Não se vê dança ao fundo deste túnel

Os DJ deixaram de atuar, as pessoas não dançam juntas e a catarse através do movimento do corpo está adiada. Restrições prejudicam relações e comunidade.

"Estabelecer ligação pela música é algo mágico e os clubes noturnos são dos últimos redutos de experiência humana e social". Quem o diz é Filipe Galante, DJ e programador do Plano B, um dos clubes de música eletrónica mais concorridos do Porto, antes da pandemia. Essa magia, ou a falta dela, é apenas um dos itens apontados por vários DJ nacionais como consequência das medidas de combate à covid-19, que desde março inviabilizaram a possibilidade de funcionamento desses locais e privaram toda a população dessa coisa tão simples e necessária - ir ouvir música e dançar.

Refira-se, desde logo, que nenhum dos profissionais contactados considera que este seja o momento oportuno para reabrir os espaços onde trabalhavam, apesar de vários referirem o exemplo de Berlim, onde foram ensaiadas medidas como os testes rápidos à entrada dos clubes.

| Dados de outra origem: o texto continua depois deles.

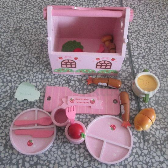 The presented toy set is ideal for playing pretend restaurant or other cooking games. Exquisitely made with wood material, the set features many appealing cutleries and food items. For added sweet touches, the toy pieces are decorated with strawberry patterns.

Mas também há a consciência de que a situação não poderá arrastar-se indefinidamente: "Mais cedo ou mais tarde, terá de haver uma reunião com a DGS para se estudar e definir algumas normas razoáveis, porque há demasiada gente a viver disto", alerta António Pereira, conhecido como DJ Vibe, um dos produtores e DJ portugueses mais consagrados internacionalmente.